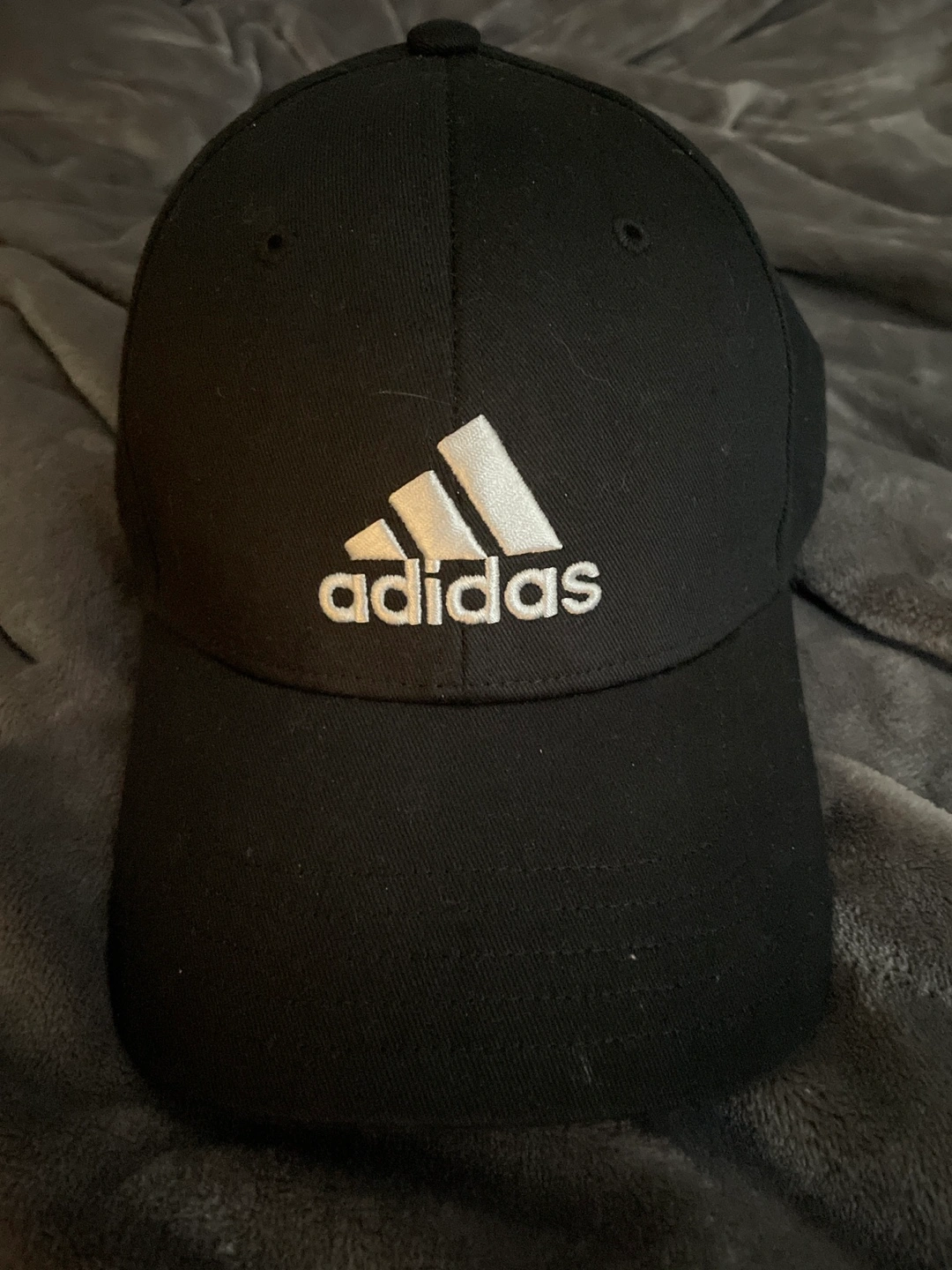 Classic black baseball cap. Features the Adidas logo. Adjustable.
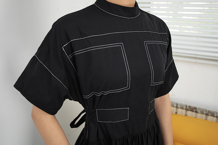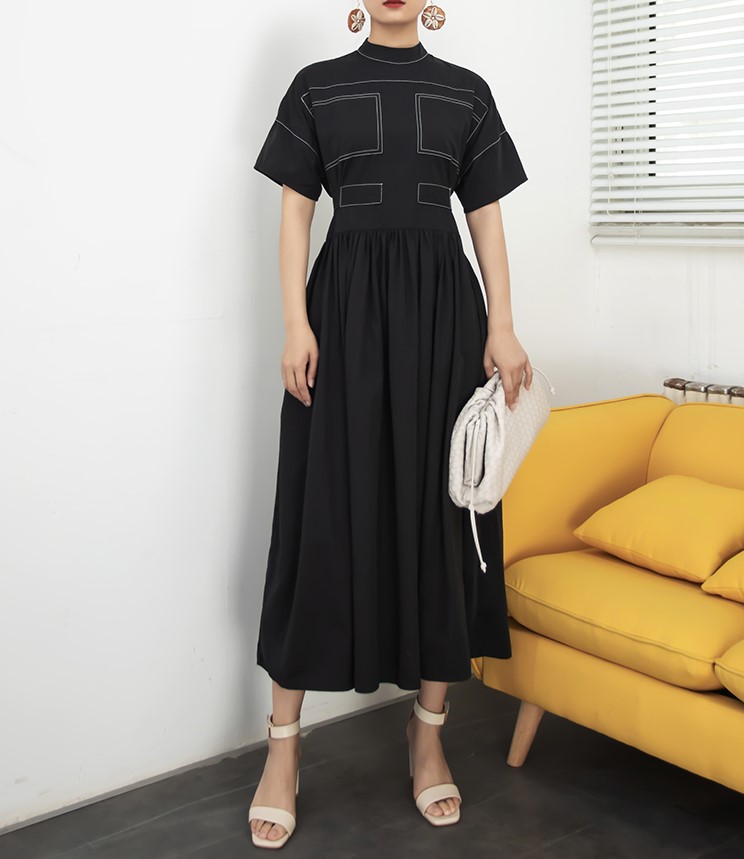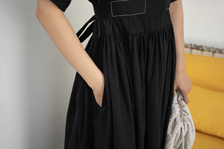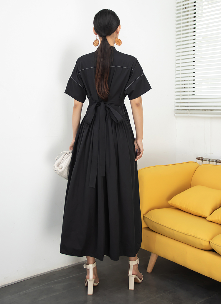 VERRAGE MIDI TEA DRESS WITH FULL SKIRT AND TIE BACK IN BLACK
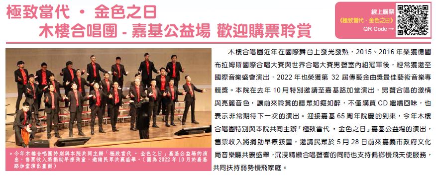 木樓合唱團近年在國際舞台上發光發熱,2015、2016 年榮獲德國布拉姆斯國際合唱大賽與世界合唱大賽男聲室內組冠軍後,經常獲邀至國際音樂盛會演出,2022 年也榮獲第 32 屆傳藝金曲獎最佳藝術音樂專輯獎。本院在去年10 月特別邀請至嘉基路加堂演出,男聲合唱的激情與亮麗音色,讓前來聆賞的聽眾如癡如醉,不僅購買CD 繼續回味,也表示非常期待下一次的演出。迎接嘉基65 周年院慶的到來,今年木樓合唱團特別與本院共同主辦「極致當代‧ 金色之日」嘉基公益場的演出,售票收入將捐助早療孩童,邀請民眾於5 月28 日前來嘉義市政府文化局音樂廳共襄盛舉,沉浸精緻合唱聲響的同時也支持偏鄉慢飛天使服務,共同扶持弱勢慢飛家庭。
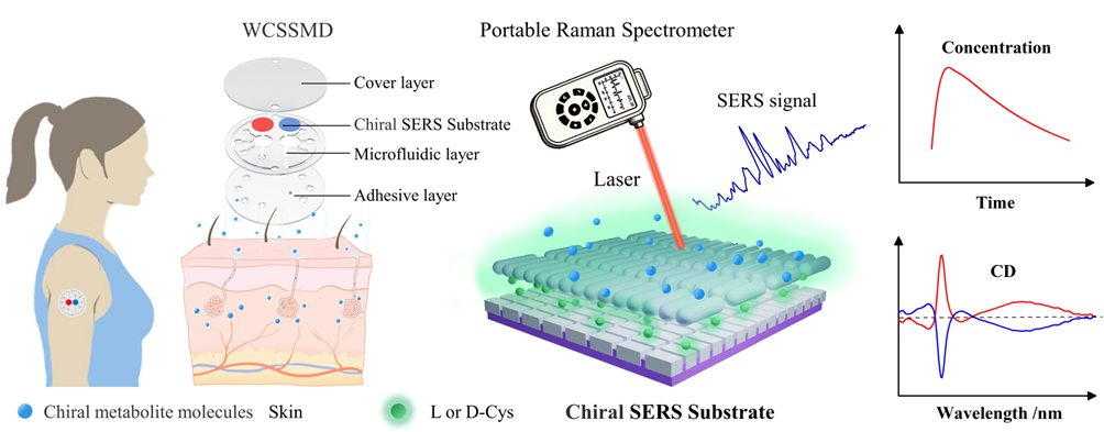 图1.?可穿戴手性SERS微流控传感技术实现人体汗液中手性代谢分子的实时监测
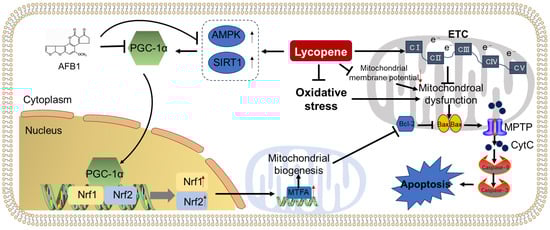 Lycopene supplementation attenuated AFB1-induced mitochondrial dysfunction and apoptotic cell death. AFB1 exposure could inhibit the activation of PGC-1α directly or indirectly via the inhibition of AMPK and SIRT1 proteins, then reduce the mitochondrial biogenesis via the Nrf1/Nrf2/MTFA pathway, and, finally, ameliorate mitochondrial dysfunction and apoptosis. Lycopene supplementation could protect AFB1 exposure-induced mitochondrial dysfunction and apoptosis via the activation of the PGC-1α pathway, the inhibition of oxidative stress and the loss of mitochondrial membrane potential, and the activation of the mitochondrial apoptotic pathway.
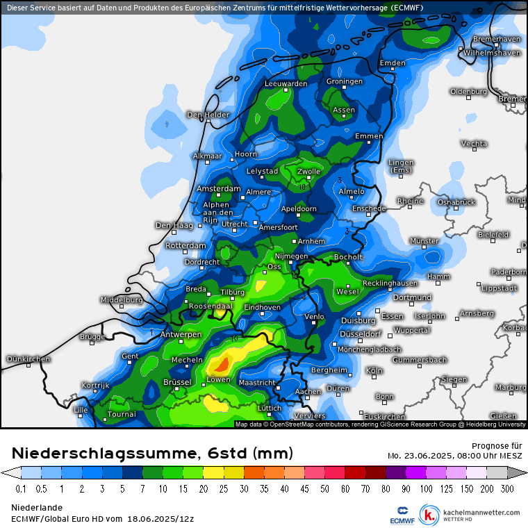De neerslagkaart geeft een 6-uurs som, dus geen totaal van deze hele situatie.
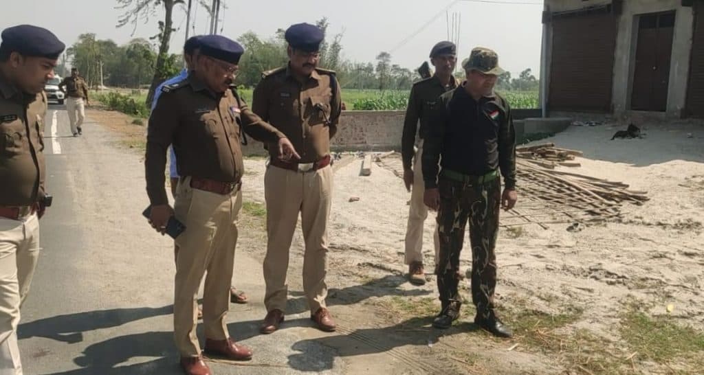 घटनास्थल का निरीक्षण कर रही पुलिस
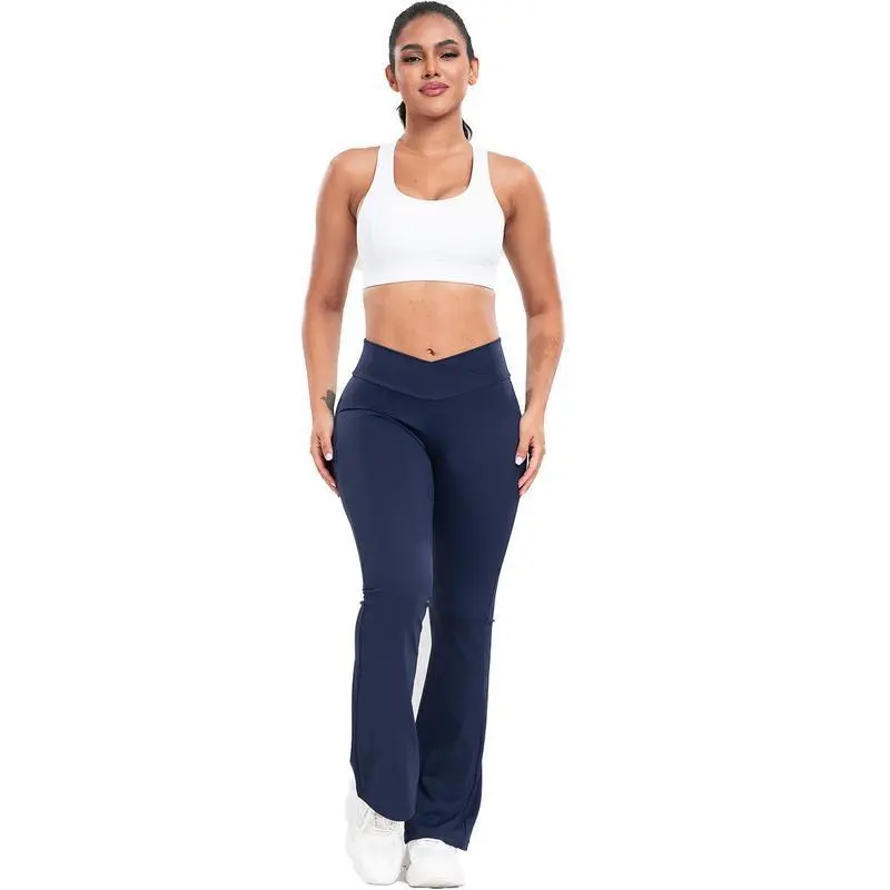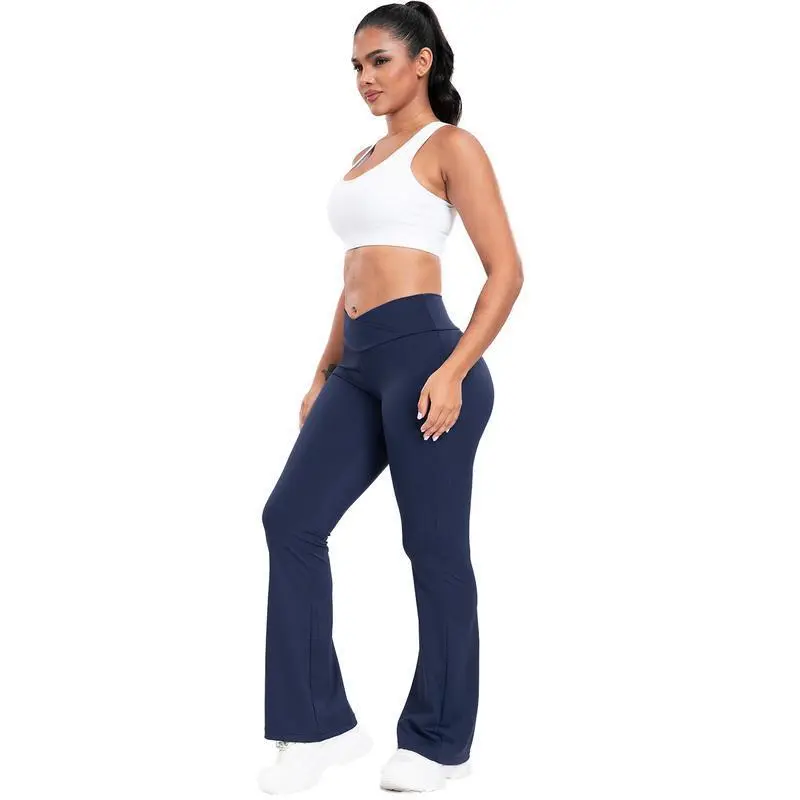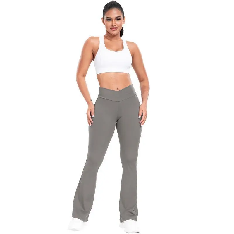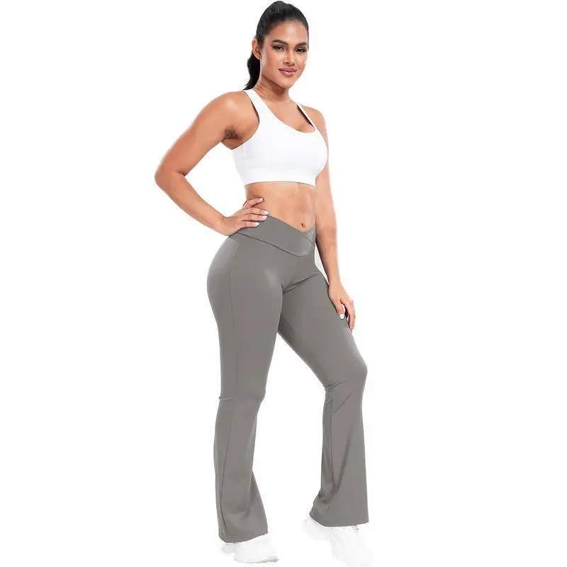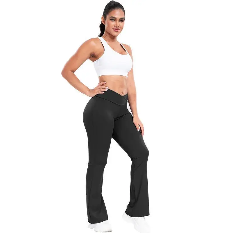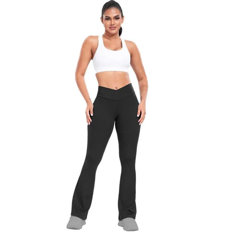 OQQ Women's 2 Piece Flare Leggings High Waist V Shirring Seamless Butt Lifting Tummy Control Wide Leg Gym Casual Workout Yoga Pants
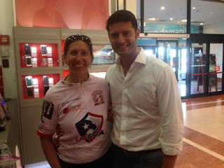 Internet Angel: Bought a SIM card to work in Italy. Didn’t work, so bought a new phone to make work. Now I have three phones and still no connection. Went to return phone and ran into this Internet Angel. Raimondo spoke perfect English. He followed me to two stores until I got it fixed. I asked a lady if she could take a photo of me with my new boyfriend. She did. That woman was his real girlfriend. smile emoticon
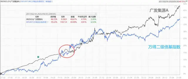 刘志辉的代表作是广发集源债券,是一只二级债基,自其2017年2月6日开始管理,截至2025年9月30日的区间年化收益率为4.7%。下图是刘志辉任职以来的产品净值走势,相比万得二级债基指数的对比(代表同类基金平均水平),可以看出,基金的创新高能力很强。(数据来源:Wind)
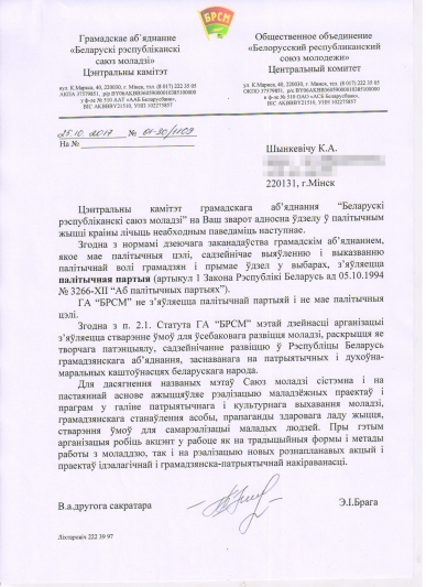 Согласно уставу ОО “Белорусский республиканский союз молодёжи” (далее — организация, БРСМ), организация не имеет политических целей, мотивов, а также не участвует в политической деятельности (что следует из ответа БРСМ Шинкевичу К. А. от 25.10.2017 01-30/1109). Однако согласно информации на официальном сайте организации (brsm.by) в нескольких статьях указывается, что организация принимала участие в сборе подписей за выдвижение кандидатов на пост Президента Республики Беларусь (http://brsm.by/news/aktivnaya-minshhina/ и http://brsm.by/news/30636/). На крупнейшем новостном сайте Республики Беларусь www.tut.by имеются статьи, подтверждающие факт сбора подписей за выдвижение Лукашенко на выборах в 2015 году (https://news.tut.by/society/458529.html). Организация устраивает политические пикеты: в частности, были организованы пикет возле центральной проходной ОАО “УКХ Бобруйскагромаш” (http://brsm.by/news/brsm-organizoval-piket-vozle-bobrujskagromasha/) и пикет в Витебске.
────────────────
### [Required action]
The answer must be the lines from the first one in the records through the line containing "图1.?可穿戴手性SERS微流控传感技术实现人体汗液中手性代谢分子的实时监测", copied exactly, with no pictures.

### [Answer space]
 Classic black baseball cap. Features the Adidas logo. Adjustable.
 VERRAGE MIDI TEA DRESS WITH FULL SKIRT AND TIE BACK IN BLACK
 木樓合唱團近年在國際舞台上發光發熱,2015、2016 年榮獲德國布拉姆斯國際合唱大賽與世界合唱大賽男聲室內組冠軍後,經常獲邀至國際音樂盛會演出,2022 年也榮獲第 32 屆傳藝金曲獎最佳藝術音樂專輯獎。本院在去年10 月特別邀請至嘉基路加堂演出,男聲合唱的激情與亮麗音色,讓前來聆賞的聽眾如癡如醉,不僅購買CD 繼續回味,也表示非常期待下一次的演出。迎接嘉基65 周年院慶的到來,今年木樓合唱團特別與本院共同主辦「極致當代‧ 金色之日」嘉基公益場的演出,售票收入將捐助早療孩童,邀請民眾於5 月28 日前來嘉義市政府文化局音樂廳共襄盛舉,沉浸精緻合唱聲響的同時也支持偏鄉慢飛天使服務,共同扶持弱勢慢飛家庭。
 图1.?可穿戴手性SERS微流控传感技术实现人体汗液中手性代谢分子的实时监测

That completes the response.